§ WHAT YOU HAVE TO DO: Please keep the pictures out and write out exactly the lines from the first in the data below through the one containing "This plush peacock", both included.
= = =
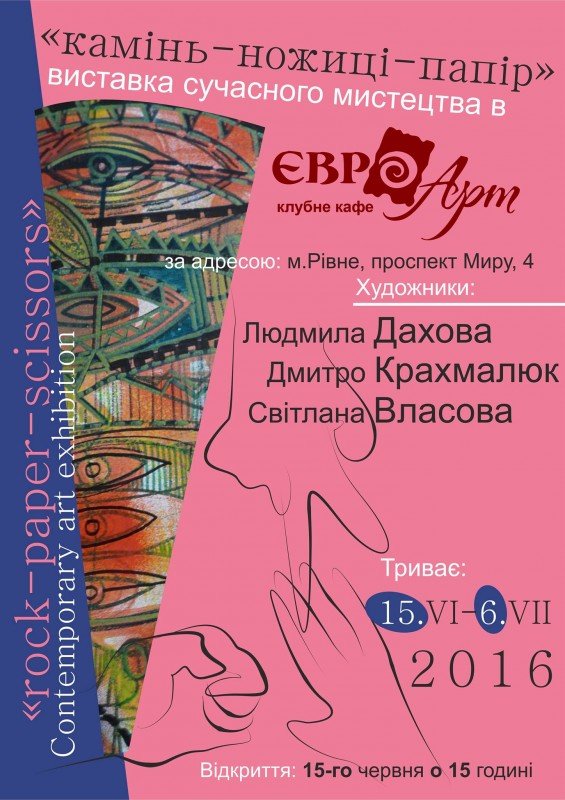 Суть події. Нова експозиція під назвою «Камінь-ножиці-папір» у клубному кафе «Євро-Арт» об’єднує творчу діяльність трьох рівнян – Людмили Дахової, Світлани Власової та Дмитра Крахмалюка.
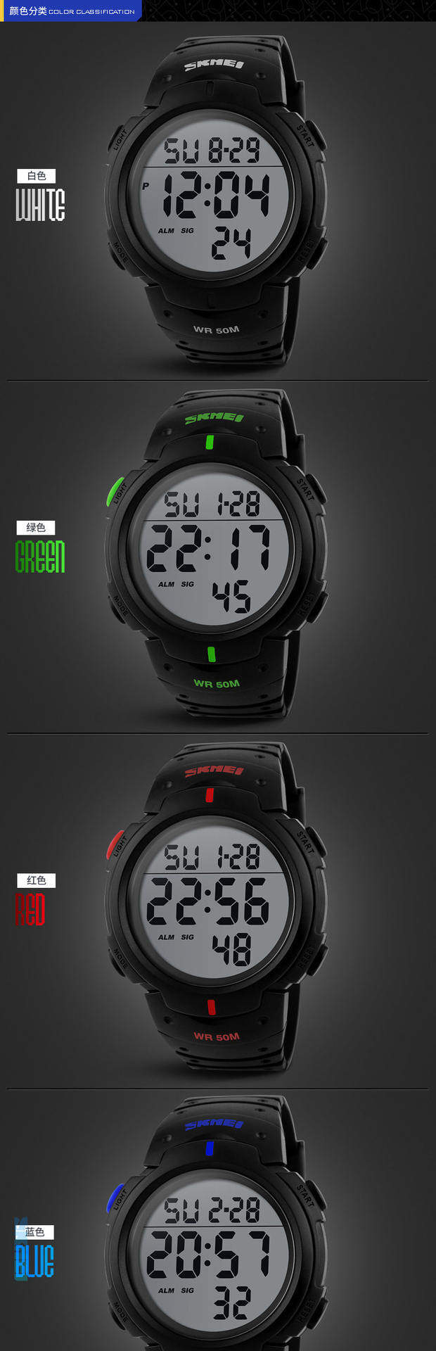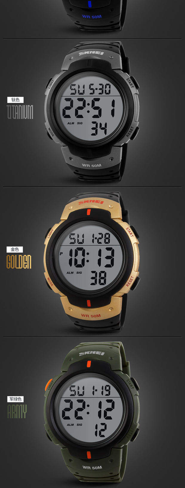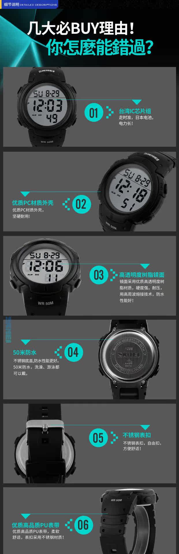 Skmei Deep Waterpronation Training Training Watch Light Screen Luminous Sports Watch Professional Professional Trining Triming Table 1068
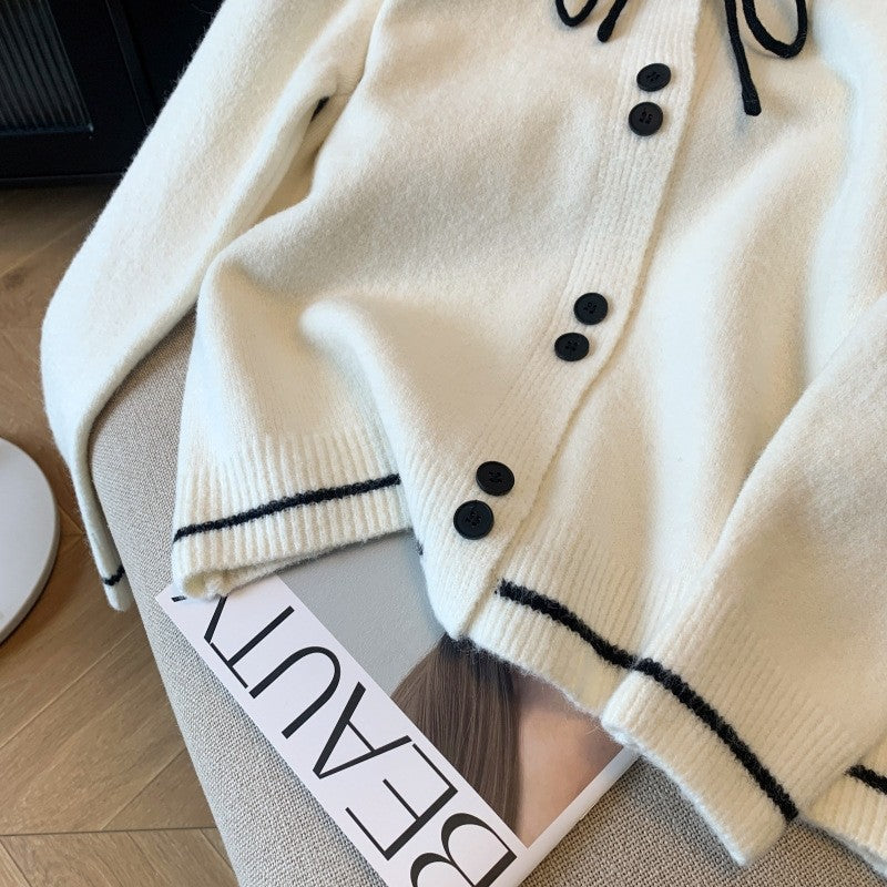 Contrast Color Long Sleeve Crewneck Single Breasted Tied Knitted Cardigan Sweater
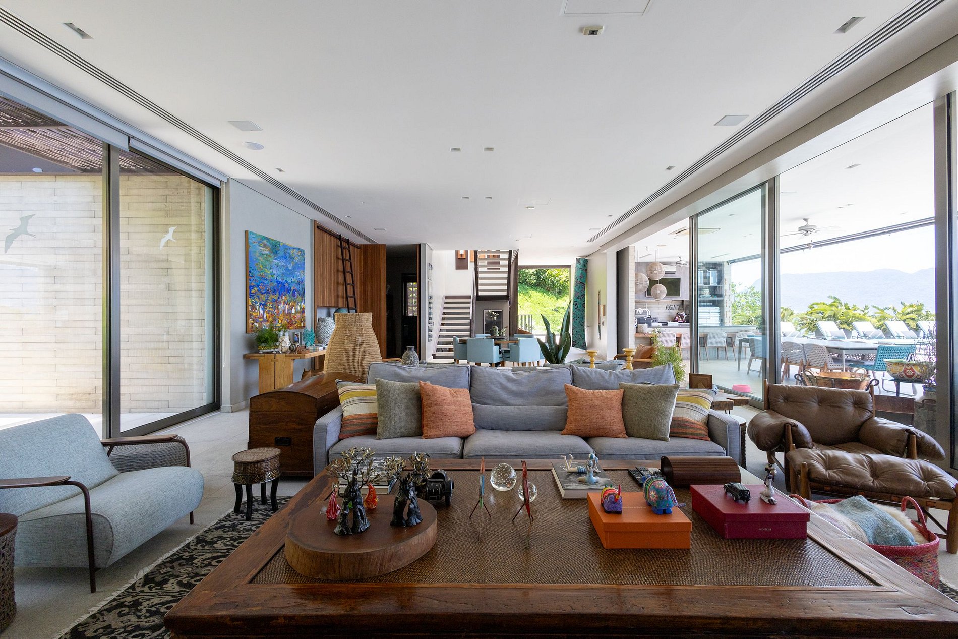 - A área externa é incrível e perfeita para reunir familiares e amigos! Piscina aquecida com vista para o mar e espreguiçadeiras, integrada à varanda da casa, onde fica o espaço gourmet com churrasqueira, forno de pizza, mesa para refeições ao ar livre e uma belíssima varanda mobiliada;
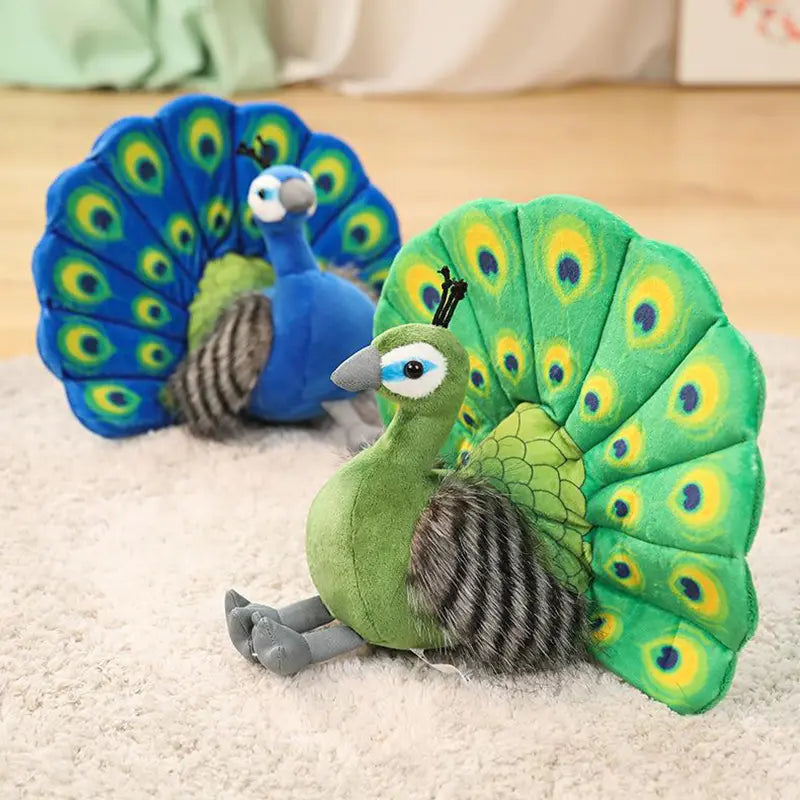 This plush peacock combines beauty and delicacy in a realistic-looking toy. With colorful feathers and a design inspired by the green and blue peacock, it's ideal for both children and adults who love birds, zoos, or want a unique and charming adornment.
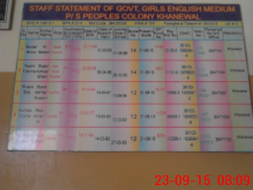 | EMIS Code: 36420350 | Name of School: GGPS PEOPLES COLONY, KHANEWAL | |||
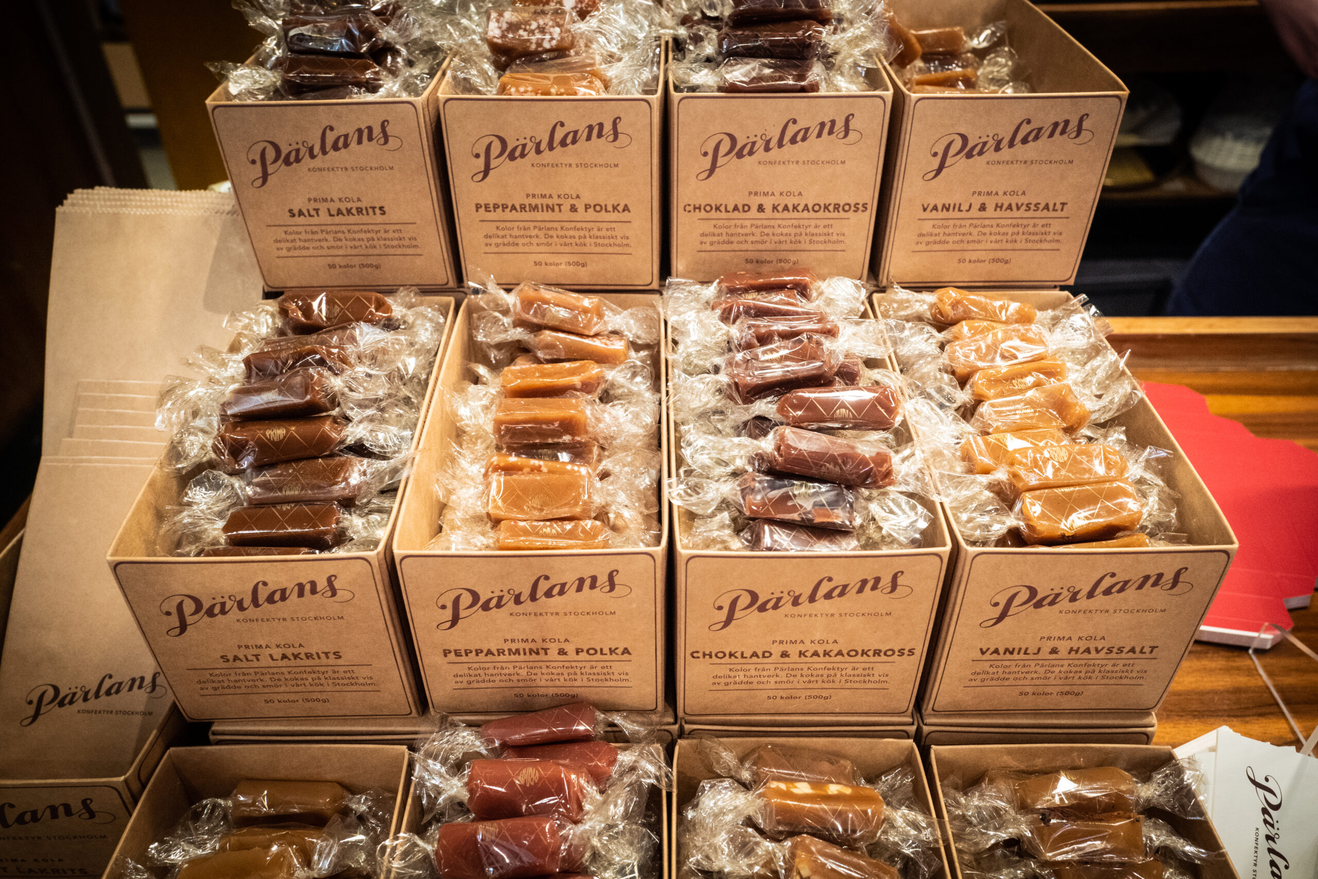 そしてもちろんヴィジュアルだけではありません。ひとつひとつ丁寧に作られた生キャラメルの味は、あっという間にPärlansの名前をストックホルム中に広げました。厳選された素材、伝統的な製法、そして新しい味への挑戦。オープンして10年ほどですが、僕のイメージではすでに老舗というか、ストックホルムの誰もが知る(しかもポジティブな評価をともなった)ブランドな気がしています。
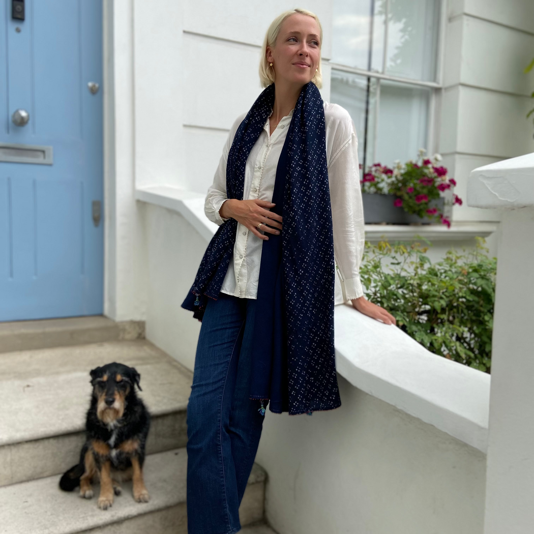 Pero Navy Tiny Dots Wool Scarf
= = =
§ WRITTEN RESPONSE:
 Суть події. Нова експозиція під назвою «Камінь-ножиці-папір» у клубному кафе «Євро-Арт» об’єднує творчу діяльність трьох рівнян – Людмили Дахової, Світлани Власової та Дмитра Крахмалюка.
 Skmei Deep Waterpronation Training Training Watch Light Screen Luminous Sports Watch Professional Professional Trining Triming Table 1068
 Contrast Color Long Sleeve Crewneck Single Breasted Tied Knitted Cardigan Sweater
 - A área externa é incrível e perfeita para reunir familiares e amigos! Piscina aquecida com vista para o mar e espreguiçadeiras, integrada à varanda da casa, onde fica o espaço gourmet com churrasqueira, forno de pizza, mesa para refeições ao ar livre e uma belíssima varanda mobiliada;
 This plush peacock combines beauty and delicacy in a realistic-looking toy. With colorful feathers and a design inspired by the green and blue peacock, it's ideal for both children and adults who love birds, zoos, or want a unique and charming adornment.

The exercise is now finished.